--- Source data ---

********

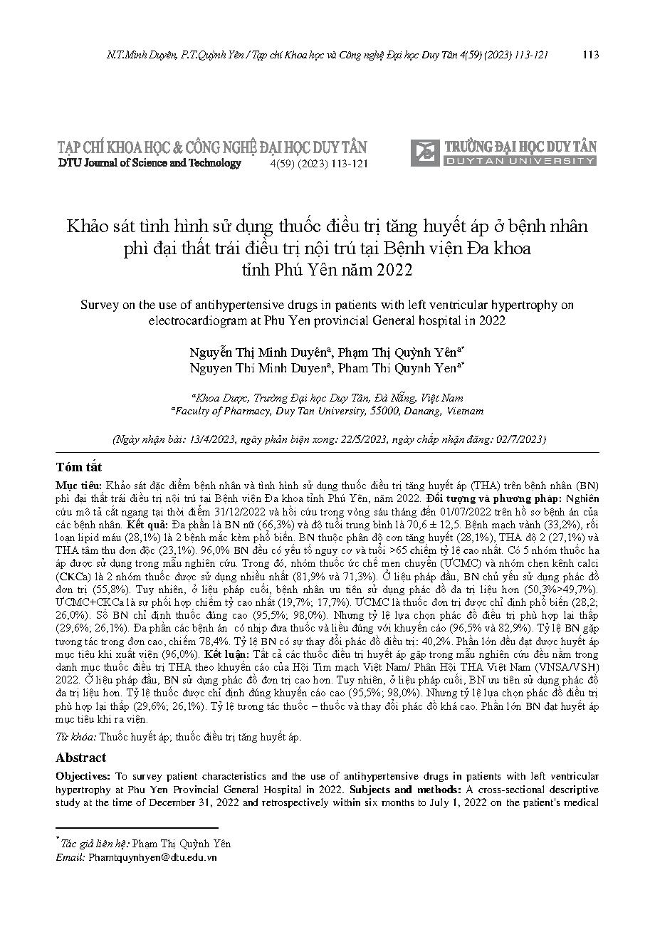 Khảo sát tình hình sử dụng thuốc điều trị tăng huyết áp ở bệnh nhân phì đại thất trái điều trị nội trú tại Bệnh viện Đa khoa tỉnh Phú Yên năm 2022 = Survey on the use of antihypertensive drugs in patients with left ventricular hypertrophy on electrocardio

********

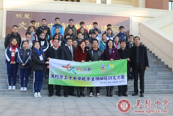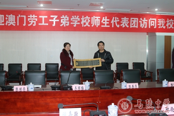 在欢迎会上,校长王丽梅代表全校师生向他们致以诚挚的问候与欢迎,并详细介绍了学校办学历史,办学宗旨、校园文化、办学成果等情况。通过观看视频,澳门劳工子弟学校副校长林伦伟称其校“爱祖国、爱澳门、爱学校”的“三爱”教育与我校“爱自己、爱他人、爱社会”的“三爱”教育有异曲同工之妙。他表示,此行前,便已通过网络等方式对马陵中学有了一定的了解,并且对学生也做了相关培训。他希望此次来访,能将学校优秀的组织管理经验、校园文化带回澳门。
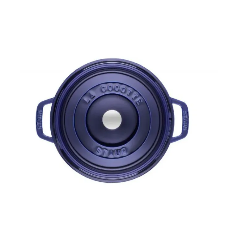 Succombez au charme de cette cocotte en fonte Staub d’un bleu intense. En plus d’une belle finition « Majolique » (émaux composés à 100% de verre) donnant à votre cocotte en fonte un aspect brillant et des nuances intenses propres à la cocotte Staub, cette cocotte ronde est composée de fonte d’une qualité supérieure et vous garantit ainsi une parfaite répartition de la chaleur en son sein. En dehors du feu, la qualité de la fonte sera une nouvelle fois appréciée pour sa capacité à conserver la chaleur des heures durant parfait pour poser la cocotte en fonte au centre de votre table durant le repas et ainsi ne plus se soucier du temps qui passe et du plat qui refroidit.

********

--- Goal of the exercise ---
Above are the records; copy from them only the lines starting at the one containing "在欢迎会上,校长王丽梅代表全" and ending at the one containing "Succombez au charme", exactly and without pictures.

--- Written answer ---
 在欢迎会上,校长王丽梅代表全校师生向他们致以诚挚的问候与欢迎,并详细介绍了学校办学历史,办学宗旨、校园文化、办学成果等情况。通过观看视频,澳门劳工子弟学校副校长林伦伟称其校“爱祖国、爱澳门、爱学校”的“三爱”教育与我校“爱自己、爱他人、爱社会”的“三爱”教育有异曲同工之妙。他表示,此行前,便已通过网络等方式对马陵中学有了一定的了解,并且对学生也做了相关培训。他希望此次来访,能将学校优秀的组织管理经验、校园文化带回澳门。
 Succombez au charme de cette cocotte en fonte Staub d’un bleu intense. En plus d’une belle finition « Majolique » (émaux composés à 100% de verre) donnant à votre cocotte en fonte un aspect brillant et des nuances intenses propres à la cocotte Staub, cette cocotte ronde est composée de fonte d’une qualité supérieure et vous garantit ainsi une parfaite répartition de la chaleur en son sein. En dehors du feu, la qualité de la fonte sera une nouvelle fois appréciée pour sa capacité à conserver la chaleur des heures durant parfait pour poser la cocotte en fonte au centre de votre table durant le repas et ainsi ne plus se soucier du temps qui passe et du plat qui refroidit.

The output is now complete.